Stored records
····················

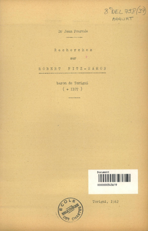 Recherches sur Robert Fitz-Hamon, baron de Torigni (+ 1107)
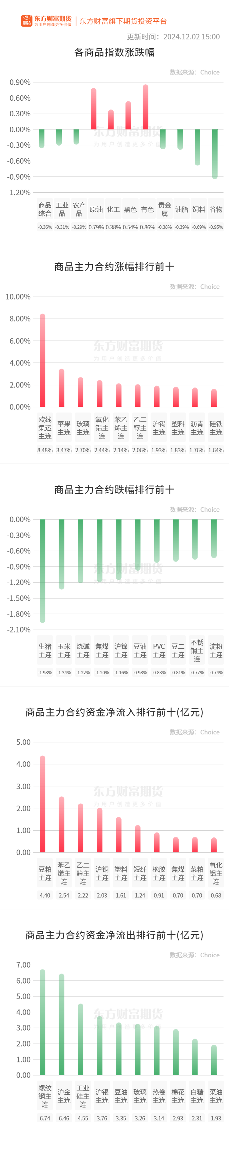 行情纵览![]() 宏观要闻界面新闻:12月2日公布的11月财新中国制造业采购经理指数(PMI)录得51.5,高于10月1.2个百分点,已连续两个月位于扩张区间。 澎湃新闻:12月2日,人民币对美元即期汇率开盘跌破7.24,随后进一步跌破7.25和7.26关口,盘中最低至7.2675,较前一交易日下跌近200点,创下7月25日以来的4个月新低。 品种资讯黑色系期货 钢材:2024年12月1日,沙钢出台2024年12月上旬建材价格政策:1、螺纹:价格不变,现HRB400Ф16-22mm螺纹出厂价格为3700元/吨,Φ10mm加价160元/吨,Φ12mm加价100元/吨,Φ14mm加价30元/吨,Φ22mm加价30元/吨,Φ25mm规格加价30元/吨,Φ28-32mm规格加价60元/吨,Φ36、Φ40mm规格加价250元/吨,抗震钢筋加价30元/吨。2、对11-3期计划量补差50元/吨。3、以上价格均为含税,自2024年12月1日起执行。(西本新干线) 铁矿石:2024年11月25日-12月1日中国47港铁矿石到港总量2468.5万吨,环比减少7.1万吨;中国45港铁矿石到港总量2291.0万吨,环比减少6.2万吨;北方六港铁矿石到港总量1099.5万吨,环比增加71.6万吨。 2024年11月25日-12月1日澳洲巴西铁矿发运总量2534.4万吨,环比减少13.2万吨。澳洲发运量1774.2万吨,环比增加26.2万吨,其中澳洲发往中国的量1373.6万吨,环比减少95.9万吨。巴西发运量760.2万吨,环比减少39.4万吨。本期全球铁矿石发运总量3079.1万吨,环比减少14.5万吨。(Mysteel) 农产品期货 生猪:据国家发改委数据,截至11月27日,全国生猪出场价格为16.94元/公斤,较11月20日上升0.89%;主要批发市场玉米价格为2.20元/公斤,较11月20日下跌2.65%;猪粮比价为7.70,较11月20日上涨3.63%。(发改委网站) 截至12月2日14:00时,全国农产品批发市场猪肉平均价格为23.36元/公斤,比上周五下降0.6%。(农业农村部) 棉花:截止到11月28日,进口棉花主要港口库存周环比增1.7%,总库存50.09万吨。其中,山东地区青岛、济南港口及周边仓库进口棉库存约41.1万吨,周环比增2%,同比库存高33%;江苏地区张家港港口及周边仓库进口棉库存约5.59万吨,其他港口库存约3.4万吨。(Mysteel) 棕榈油:据马来西亚独立检验机构AmSpec,马来西亚11月1-30日棕榈油出口量为1417436吨,较上月同期出口的1581118吨减少10.4%。(新华财经) 有色/贵金属期货 沪铜:截至12月2日周一,全国主流地区铜库存对比上周四增加0.57万吨至14.32万吨,但总库存较去年同期的5.4万吨高8.92万吨,其中上海较上年同期高7.18万吨,广东地区高0.17万吨,江苏地区高1.3万吨。(上海有色网) 沪锌:截至本周一(12月2日),七地锌锭库存总量为9.99万吨,较11月25日降低0.83万吨,较11月28日降低0.43万吨,国内库存录减。(上海有色网) 能化期货 苯乙烯:截至12月2日,江苏苯乙烯港口样本库存总量1.7万吨,较上周期减1.45万吨,降幅46.03%。商品量库存在1万吨,较上周期减1.05万吨,幅度降51.22%。(隆众资讯) 尿素:山东地区尿素行情弱势运行,小颗粒主流出厂成交1740-1790元/吨。临沂市场一手贸易商出货参考价格1800-1810元/吨附近,菏泽市场参考价格1790-1800元/吨附近。(隆众资讯) PVC:杭州PVC市场现货价格弱稳,盘中价格继续看低,电石法五型在5050-5150元/吨,三联5080元/吨,宜化/天湖/中泰/金泰5080-5120元/吨,北元/天业5120-5150元/吨左右,八/三型5220-5300元/吨。(隆众资讯) 其他期货 欧线集运:截至2024年12月2日,上海出口集装箱结算运价指数(欧洲航线)报2828.63点,与上期相比跌1.2%。(上海航运交易所) 晚间关注无 (文章来源:东方财富研究中心) (责任编辑:迷你学人) |
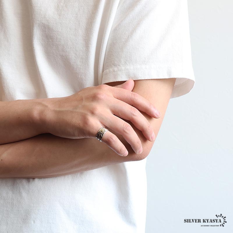 金剛杵モチーフデザインのメタルを据えたシルバーリング。サイドにはイーグルが繊細に刻まれたこだわりの逸品です。シルバー925の柔らかな輝きが普段のコーデに馴染んでくれます。
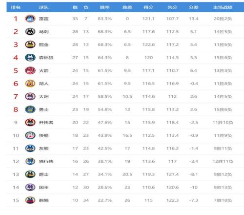 今日比賽后火箭、湖人排名互換,快船、灰熊排名互換,其他西部球隊(duì)排名不變。
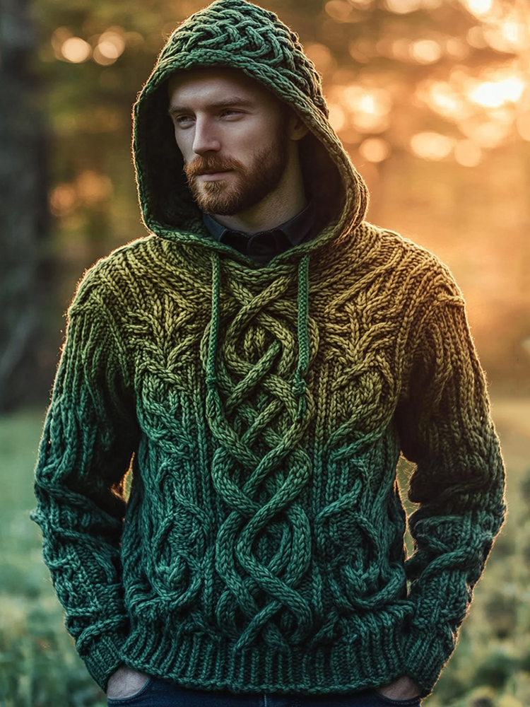 Men's Vintage Irish Celtic Knot Jacquard Mottled Hooded Sweater
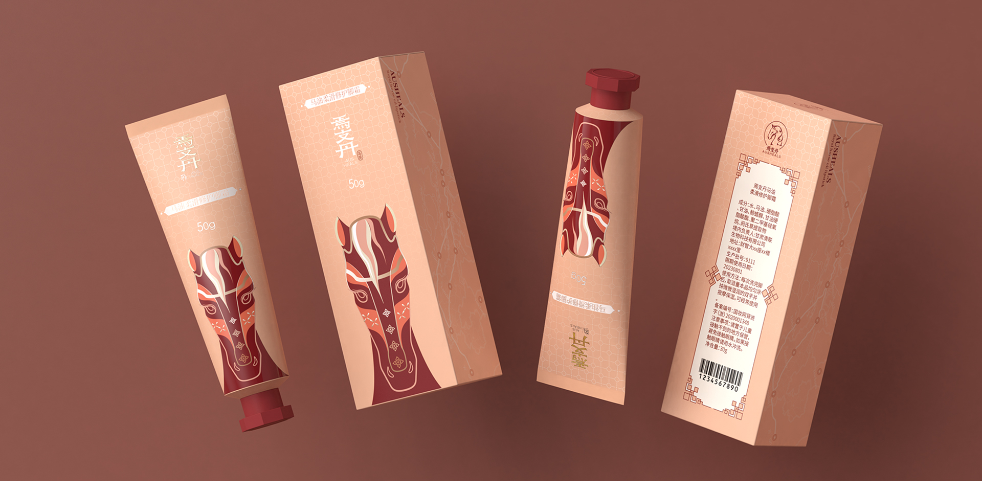 本方案中抓住产品主打成分“马油”的视觉载体“马”,将西北地理特征与历史图纹融入马头设计中,丰富产品内涵。
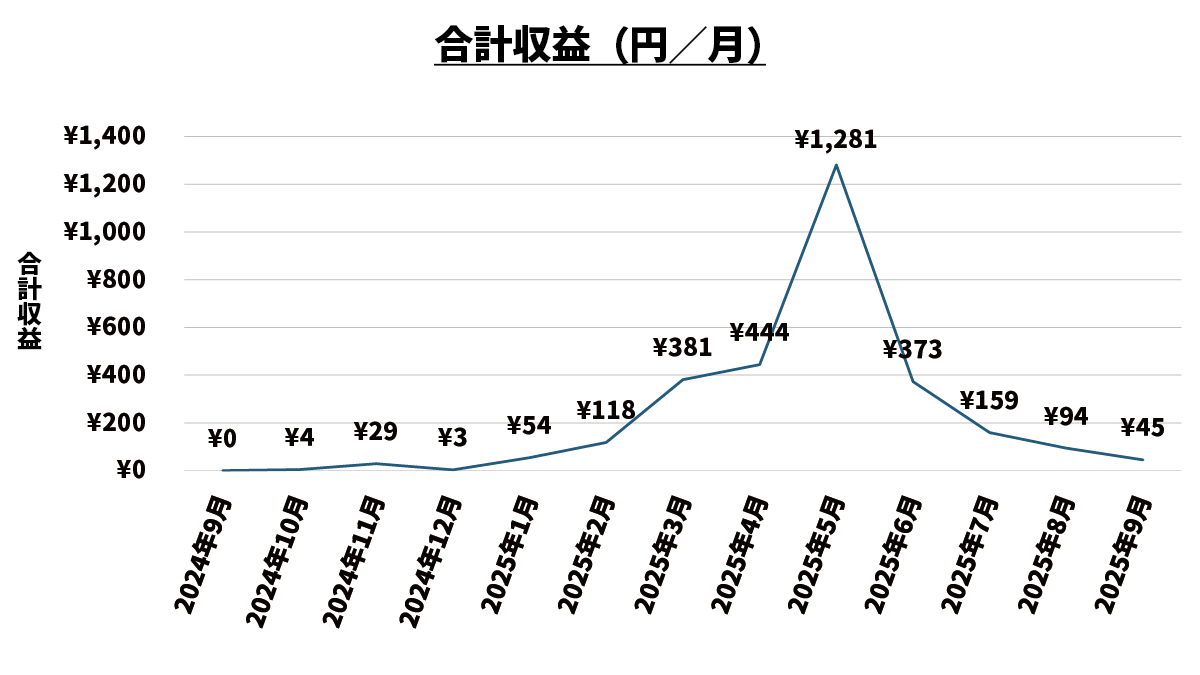 2024年9月〜2025年9月までの合計収益を月単位で見てみます。

····················

◆ **YOUR TASK**
Please copy only the lines from the one that contains "Men's Vintage Irish" through the last line of the records, exactly, and keep every picture out of the copy.

◆ **RESPONSE AREA**
 Men's Vintage Irish Celtic Knot Jacquard Mottled Hooded Sweater
 本方案中抓住产品主打成分“马油”的视觉载体“马”,将西北地理特征与历史图纹融入马头设计中,丰富产品内涵。
 2024年9月〜2025年9月までの合計収益を月単位で見てみます。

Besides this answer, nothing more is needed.